Table 3 Distribution of red cards per 15 min intervals

Table 3 gives the distribution of the red cards by 15 min intervals in the match. No red card was issued in the first 15 min of any match. Most red cards were given in the last 15 min of regular time; only five red cards were issued in extra time. This means that in about 25 % of the matches at least one red card was issued, while in the extra time matches this was less than 20%. The focus of our analysis will be on the 84 first red cards, ignoring eight later red cards and two red cards that were presented to players on the bench.

Exploratory analysis

Before analyzing the effect of a red card on the goal-scoring rate, we present a preliminary analysis of the effect of a red card on the outcome of a match. This is a similar approach as used by Mechtel et al. (2011). We first estimate a simple probit model which takes the following form:

$$\begin{aligned} \text{ Pr }\left( y_i=1 \mid z'_i\right) =\varPhi \left( z_i'\xi +d_{rc}\gamma _1+d_{rc}^o\gamma _2\right) \end{aligned}$$
(1)

where \(y_i\) is the outcome variable taking a value of 1 if the team won a match, \(z'_i\) is vector of explanatory variables, the parameters \(\gamma _1\) and \(\gamma _2\) capture the effect of an opponent’s and an own red card on the outcome of a match and \(\varPhi \) is the cumulative standard normal distribution function. We estimate the probability of winning the match for both teams. From the total of 320 matches, this results in 640 observations used in the analysis. In addition to this, we estimate a linear model including the same explanatory variables, with a dependent variable taking values of 0 if the team loses, 1 for a draw and 2 for a win.Footnote 1 The results are summarized in Table 4. Columns (1) and (2) present estimates from the probit model and columns (3) and (4) from the linear model. Columns (2) and (4) are excluding extra time results.

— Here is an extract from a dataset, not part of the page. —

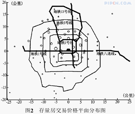 表 1 列出了北京市各区县存量房交易量的分布情况,其中朝阳区、海淀区和丰台区交易较活跃。图 1 和图 2分别是存量房交易价格三维分布图和平面分布图,更直观地表现了数据集的特征。图 1 和图 2 中坐标点(0,0)处均为天安门,以此来代表城市中心。图 2 中的四个闭合线圈由内到外分别是北京市二环、三环、四环及五环路,五条粗线是北京市已开通的地铁 1 号线、八通线、2 号线、5 号线和十三号线。因为房产位置信息没有精确到街道,所以在绘图过程中将 18111 条纪录所在的 82 个地区进行了平均化处理。图 2 中以圆圈来代表数据库中二级片区所处的位置,圆圈的直径表征该片区所有存量房的平均交易单价,直径越大则单价越高。从图 1、图 2 均可看出,北京市市中心地区房价最高,随着房屋坐落位置偏离市中心,房价呈快速递减的趋势,这样的趋势完全吻合经典单中心城市的理论假设,同时图中也体现出北京市高房价区有向北部偏移的趋势。

It is clear that a higher number of goals scored increase the probability of winning a match substantially. Figure 1 plots the probability of winning as a function of the number of goals scored (the gray area represents the 95% confidence interval). After scoring the first goal, the probability of winning is equal to 22%. Scoring a second goal increases the probability of winning to 68%, whereas the third goal takes the odds of winning up to 95%. Similarly, the probability of winning a match increases if the opposing team receives red card. For the team penalized with a red card sanction, the odds of winning decrease substantially. The lower the ranking of the opponent, the higher the probability of winning a match. Conversely, the lower the ranking of the team itself, the lower the odds of winning. The stage of tournament does not seem to have any effect. The more goals a team is ahead of its opponent before the red card, the higher the probability of winning the match.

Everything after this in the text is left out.